The last few months have revealed a myriad of Facebook’s growing shortcomings. The announcement of Libra’s looming entry into the cryptocurrency market was met with curiosity and excitement, but soon after, major backers PayPal, Visa and Mastercard near-simultaneously withdrew from the project, encouraging a wave of doubt in the currency’s legitimacy. The Libra plan has since been changed, with the project being rebranded as a payment system, rather than a currency, but the US inquiry into the project and Alexandra Ocasio-Cortez’s unfaltering series of questions for Mark Zuckerberg resurfaced Facebook’s misdemeanours—their refusal to fact-check politicians’ ads, the Cambridge Analytica scandal—and the platform’s trustworthiness was once again heavily scrutinised.

With US and UK elections approaching, it’s hard not to see why Facebook would be viewed with suspicion. Since the influence of Facebook on both nations’ 2016 elections was proven, Facebook has gone to lengths to make amends. According to Zuckerberg, he has no interest in influencing democracy. In his recent speech at Georgetown University, Zuckerberg said, “I don’t think it’s right for a private company to censor politicians or the news in a democracy.” This was his excuse for why they don’t fact check politicians’ ads.

But other than well-crafted public statements that act only to make excuses for Facebook’s actions, Zuckerberg isn’t doing much to allay the public’s fears, with his penchant for private dinners with conservative politicians causing a wave of concern among liberals. It shouldn’t come as a surprise that Zuckerberg is wining and dining politicians at this point, though. Facebook’s interests lay in increasing profits and keeping taxes minimal, so it pays off to sweet-talk neoliberal politicians and governments.

With neoliberal ideals supporting free-market trade, the deregulation of financial markets, and the shift away from public welfare, corporations—not society—are the first to benefit.

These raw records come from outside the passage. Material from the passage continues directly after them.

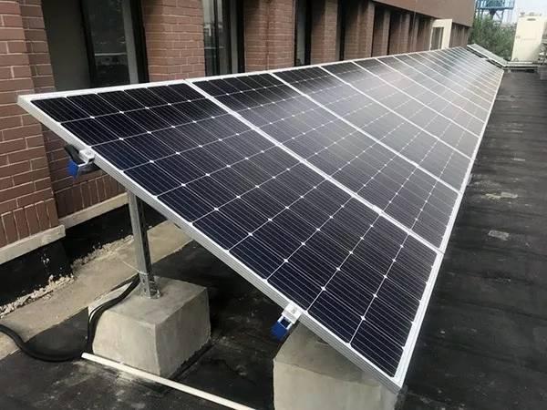 光:實(shí)驗(yàn)室樓頂1路50kW光伏發(fā)電系統(tǒng)(下圖);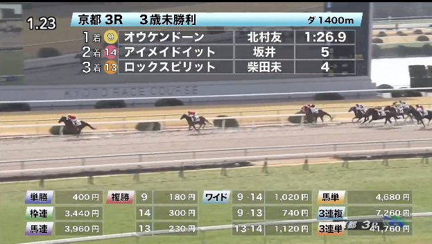 ◎ロダルキラー(5人気)2着 複勝310円 - 1/13【京都2R】3歳新馬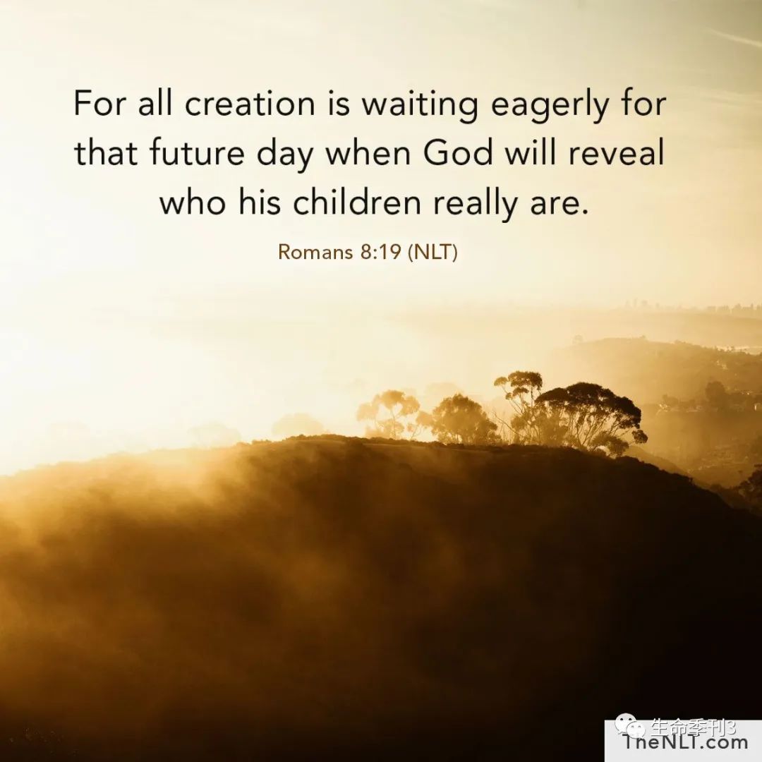 虽然一切受造之物服在虚空之下,但是神的众儿女可以在这个世界上把神的荣耀显明出来,我们可以活出丰盛,活出意义,活出一个充满了神的尊贵荣耀、满有神形象的人生。这里用一个拟人的手法来表达,整个自然界都在等候、盼望,期待着神的众子可以把神的荣耀、神的丰盛、神的爱在这个世上显明出来,就像在黑暗中切望日出一样。这就是神的计划、神的心意。

Socialist Bernie Sanders introduced a bill aimed at curbing corporate tax avoidance in the US, pointing out that “the truth is that we have a rigged tax code that has essentially legalized tax dodging for large corporations.” If socialist politicians were to obtain power, large corporations would be subject to further accountability. For politicians, a strong relationship with Facebook could, in theory, mean the difference between winning or losing an election, and socialist politicians aren’t winning any brownie points in that arena.

Facebook’s interest in creating its own cryptocurrency is also highly controversial. A corporation having control over currency without any democratic accountability leaves reason to be concerned. Both France and Germany moved to block Libra when it was first announced, saying in a joint statement that “no private entity can claim monetary power, which is inherent to the sovereignty of nations.” While Bitcoin also removed the necessity for government and banks’ control over currency, the difference lies in the decentralised and permissionless nature of Bitcoin, compared to Libra, which will be controlled by a consortium of mega-corporations, who will be subject to regulation.

Facebook’s scale and influence are unique, leaving governments scrambling to create regulations as answers to the questions the company is creating. Never before has the world seen a corporation so extensively impacting psychology and public choice, and this is what’s at the heart of the issue: Facebook makes decisions that impact the lives of millions of people. Most of the users would likely believe that decisions of this scale should be made through a democratic process.

For Facebook, it always comes back to a question of trust. And despite the tech conglomerate proving time and time again that it’s not trustworthy—with our data, with its advertisements and with the news we’re fed—the social networking site has most people feeling as though there’s no alternative. Hopefully, their move into the finance sector won’t end the same way.